Sur la régularité du jugement attaqué :

Considérant que le Tribunal administratif de Paris, qui n'était pas tenu de répondre à tous les arguments présentés par les consorts C à l'appui de leurs moyens, ni aux moyens inopérants, a répondu aux différents moyens soulevés par les requérants de façon suffisamment motivée et sans commettre d'omission à statuer ; qu'en ce qui concerne notamment le moyen tiré de la nécessaire réparation intégrale du préjudice, les premiers juges ont considéré que l'évaluation d'un dommage aux biens devait être faite à la date où, ses causes ayant pris fin et son étendue étant connue, il pouvait être procédé à sa réparation et que, par ailleurs, le décret du 10 septembre 1999 dont il était fait application n'avait pas pour objet d'assurer la réparation intégrale des préjudices visés mais de permettre à l'Etat de rétablir l'équilibre détruit par le dommage de la manière la plus exacte possible ; qu'ainsi le jugement attaqué, qui est suffisamment motivé sur ce point, n'est entaché d'aucune irrégularité ;

Au fond :

Considérant qu'aux termes de l'article 1er du décret du 10 septembre 1999 modifié susvisé : Il est institué auprès du Premier ministre une commission chargée d'examiner les demandes individuelles présentées par les victimes ou par leurs ayants droit pour la réparation des préjudices consécutifs aux spoliations de biens intervenues du fait des législations antisémites prises, pendant l'Occupation, tant par l'occupant que par les autorités de Vichy. / La commission est chargée de rechercher et de proposer les mesures de réparation, de restitution ou d'indemnisation appropriées. ; qu'aux termes de l'article 2 dudit décret : La commission s'efforce de parvenir à une conciliation entre les personnes intéressées.

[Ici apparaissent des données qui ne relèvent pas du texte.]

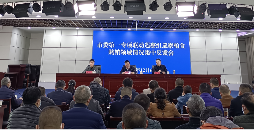 根据市委和市委巡察工作领导小组安排,2021年12月6日,市委第一专项联动巡察组巡察粮食购销领域情况集中反馈会召开。市委常委、市政府常务副市长杜海洋出席会议并讲话。会上,市委第一专项联动巡察组组长胡忠对市发展改革委党组、市财政局党组、市国资委党委、市市场监管局党组、市国丰粮油有限公司的主要问题进行了集中反馈,5个单位负责人分别作表态发言。市委巡察工作领导小组成员、市纪委副书记、市监委副主任韩麟主持会议。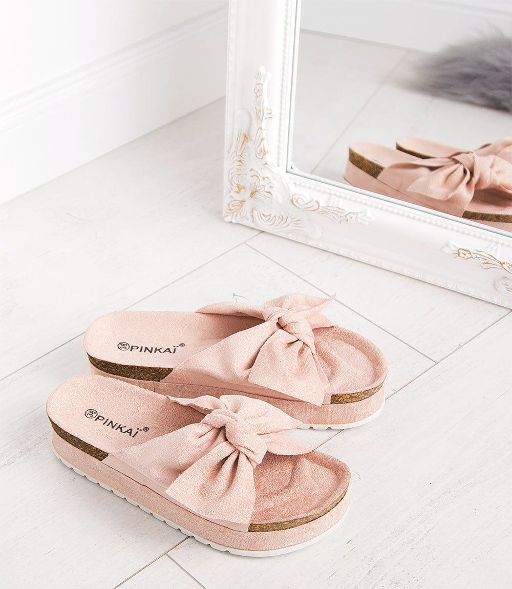 Zachwycające klapki z kokardą Pinkai wykonane z największą starannością.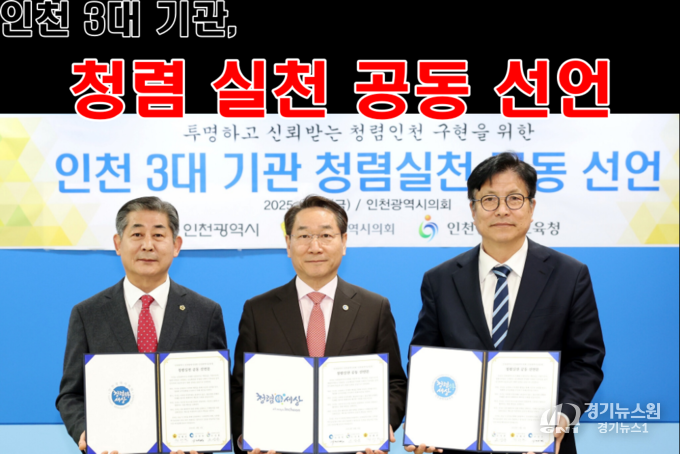 경기뉴스원(경기뉴스1) | 인천광역시의회(의장 정해권)는 4일 의회 접견실에서 인천광역시(시장 유정복), 인천광역시교육청(교육감 도성훈)과 함께 ‘인천 3대 기관 청렴 실천 공동 선언식’을 개최했다.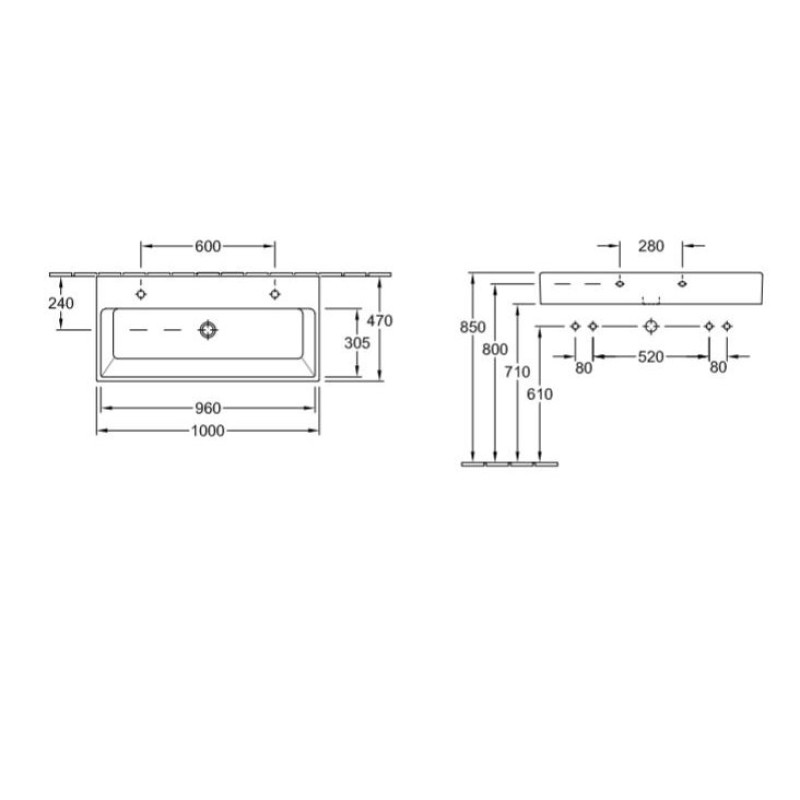 Pakabinamas praustuvas su dviem skylėmis maišytuvams Villeroy&Boch Memento 1000x470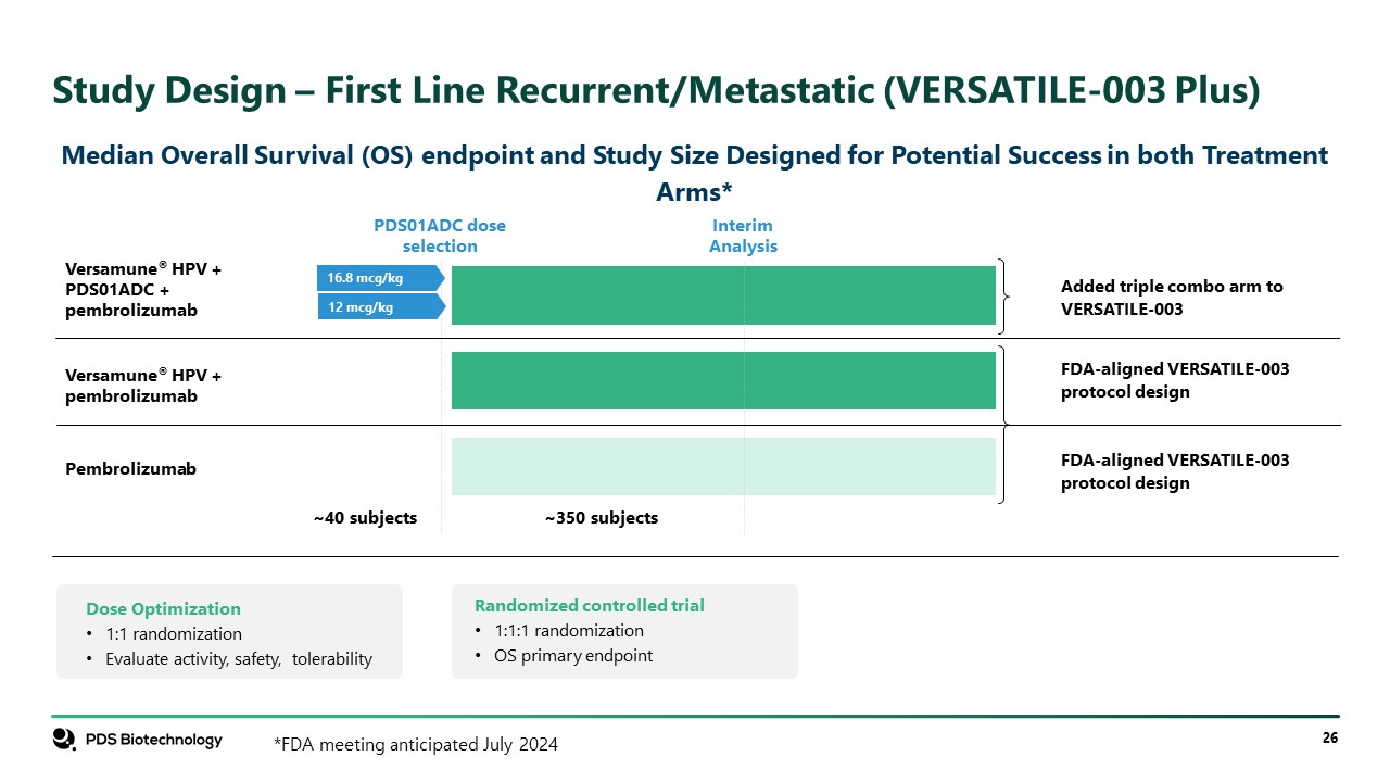 Study Design – First Line Recurrent/Metastatic (VERSATILE-003 Plus)  Dose Optimization  1:1 randomization  Evaluate activity, safety, tolerability  Randomized controlled trial  1:1:1 randomization  OS primary endpoint  Interim  Analysis  Versamune® HPV + PDS01ADC + pembrolizumab  ~40 subjects  ~350 subjects  PDS01ADC dose selection  Versamune® HPV + pembrolizumab  Pembrolizumab  FDA-aligned VERSATILE-003 protocol design  Added triple combo arm to VERSATILE-003  Median Overall Survival (OS) endpoint and Study Size Designed for Potential Success in both Treatment Arms*  16.8 mcg/kg  12 mcg/kg  FDA-aligned VERSATILE-003 protocol design  *FDA meeting anticipated July 2024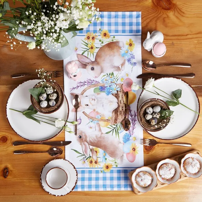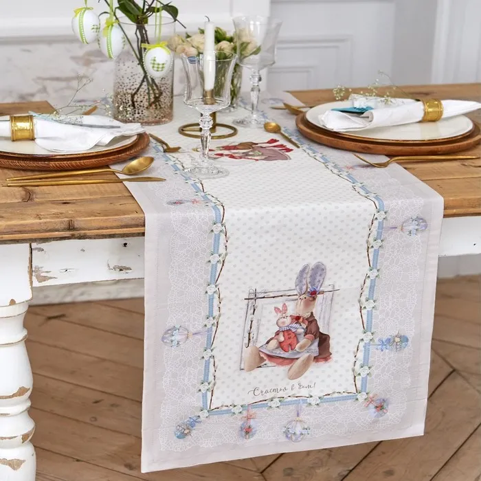 Дорожка пасхальная на стол Этель «Зайчики» 30×70 см, 100% хлопок, саржа 190 г/м² — Характеристики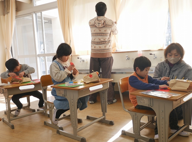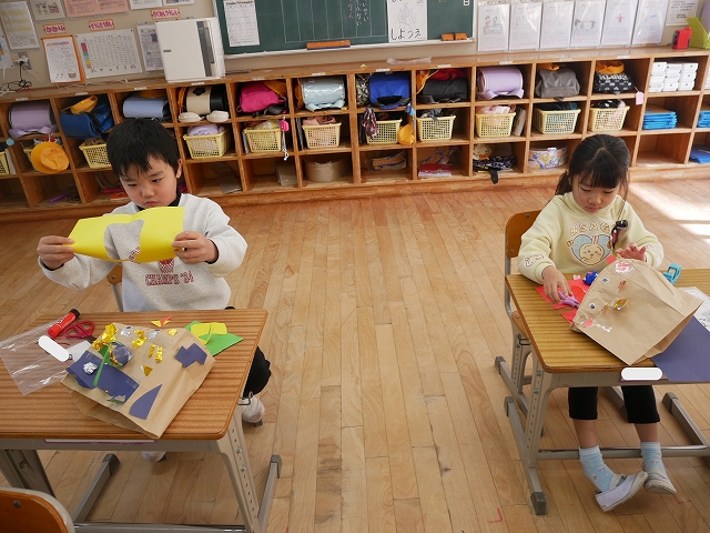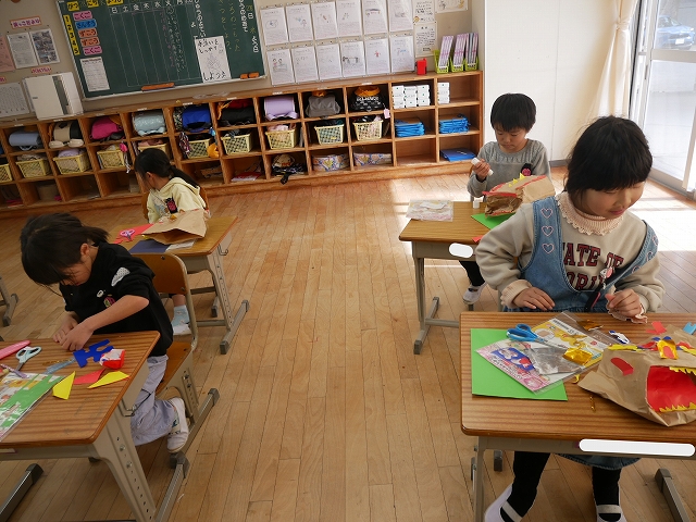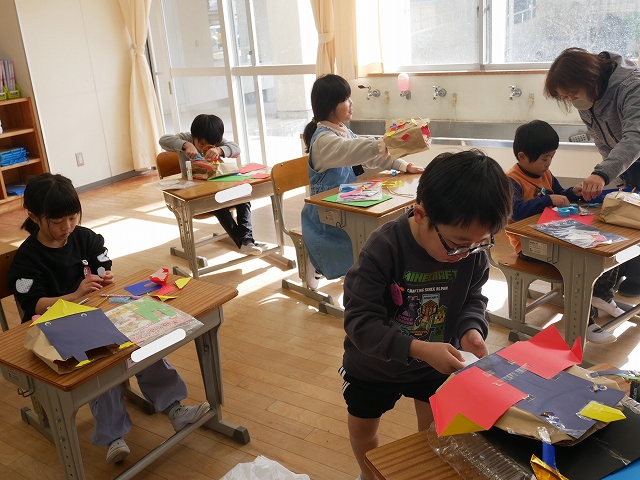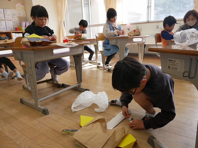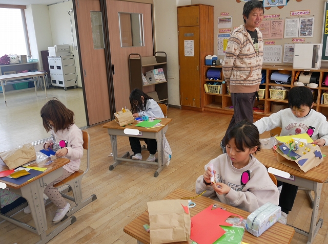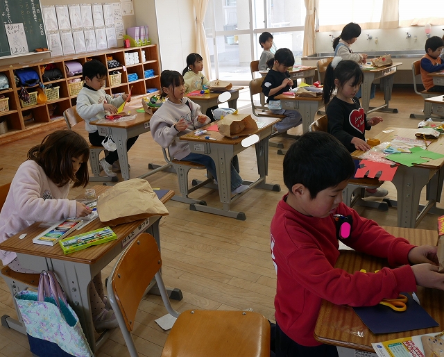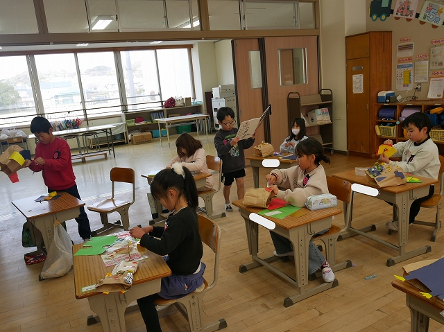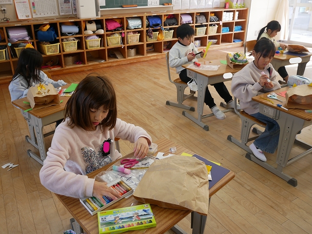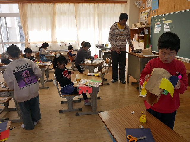 1年 図工 投稿日時: 2026年1月28日 投稿者: 豊浜小学校 令和8年1月28日(水) 3時間目 1年生は、図工の時間に「いっしょにあそぼう ぱくぱっくん」の製作をしていました。紙袋をパクパク動かす大きな口に見立てて顔や手足、飾りなどを付けていました。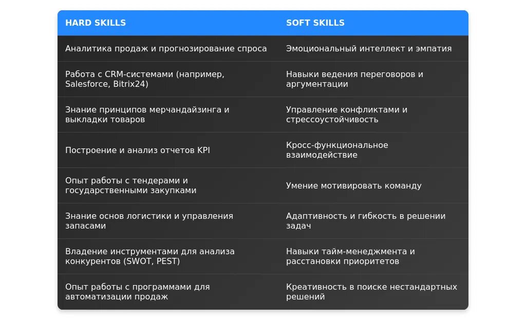 Личные качества (soft skills) играют важную роль в успехе менеджера по продажам. Они помогают эффективно взаимодействовать с клиентами и командой.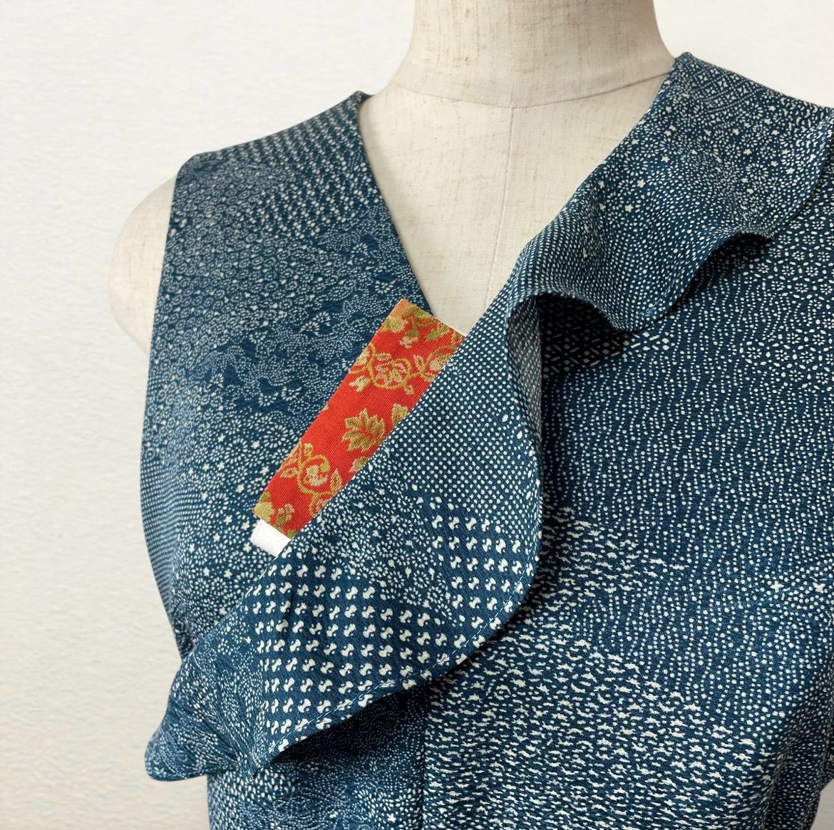 ―― 寄せ柄小紋着物 のカシュクールワンピース ――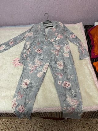 Conjunto de mujer con estampado floral. La parte superior es de manga larga y la parte inferior son pantalones. - Estampado floral en tonos grises y rosas. - Diseño de dos piezas.

En cas d'échec de la conciliation, elle peut émettre toutes recommandations qui lui paraîtraient utiles. et qu'aux termes de l'article 8-2 du même décret : Lorsque la commission propose que l'Etat prenne à sa charge une mesure d'indemnisation, elle transmet sa recommandation au Premier ministre (secrétariat général du Gouvernement). Les décisions d'indemnisation prises par le Premier ministre (secrétariat général du Gouvernement) sur la base des recommandations de la commission sont notifiées aux intéressés et à l'Office national des anciens combattants et victimes de guerre qui est chargé de les exécuter. (...) ;

Considérant que, pour demander l'annulation de la décision du Premier ministre, les requérants soutiennent que ladite décision méconnaît le principe de la réparation intégrale et font valoir que la commission d'indemnisation aurait dû prendre en compte, pour évaluer les biens dont ils ont été spoliés, la valeur des oeuvres d'art à la date de sa recommandation ; que si le dispositif institué par le décret du 10 septembre 1999 participe, ainsi que l'énonce l'avis n° 315499 Mme G rendu le 16 février 2009 par l'Assemblée du contentieux du Conseil d'Etat, à l'indemnisation des préjudices de toute nature causés par les actions de l'Etat qui ont concouru à la déportation, ledit décret ne prévoit pas, comme le reconnaissent d'ailleurs les appelants eux-mêmes dans leurs écritures, de régime spécial ni de règles particulières d'indemnisation ; que, dès lors, c'est à bon droit que le Premier ministre s'est fondé sur les règles applicables en matière de responsabilité administrative, selon lesquelles l'évaluation des dommages aux biens doit être effectuée à la date où, leur cause ayant pris fin et leur étendue étant connue, il peut y être remédié ; qu'en l'occurrence l'étendue des dommages a été connue à l'issue d'un inventaire complet effectué par les autorités allemandes en 1963, sur la base notamment de l'expertise réalisée par un commissaire priseur en 1956 ; que c'est donc à juste titre que la commission s'est appuyée sur la valeur des biens telle qu'elle a été déterminée selon l'accord précité de 1963 et actualisée à cette date ; que les requérants ne sont pas davantage fondés à soutenir que la décision attaquée aurait été prise en méconnaissance du principe de non-discrimination dès lors qu'ils sont dans une situation différente, au regard de la réglementation relative à l'indemnisation des victimes de spoliations intervenues du fait des législations antisémites en vigueur pendant l'Occupation, de celle des propriétaires d'oeuvres d'art versées après la Seconde guerre mondiale dans les collections des musées français et auxquels l'Etat restitue ces oeuvres en les estimant à la date de cette restitution ;

Considérant qu'il résulte de ce qui précède que les consorts C ne sont pas fondés à soutenir que c'est à tort que, par le jugement attaqué, le Tribunal administratif de Paris a rejeté leur demande tendant à l'annulation de la décision en date du 24 avril 2008 par laquelle le Premier ministre a fixé à la somme de 3 815 000 euros le montant de l'indemnisation du préjudice non réparé résultant des spoliations des biens ayant appartenu à M. Georges D ;

D E C I D E :

Article 1er : La requête des consorts C est rejetée.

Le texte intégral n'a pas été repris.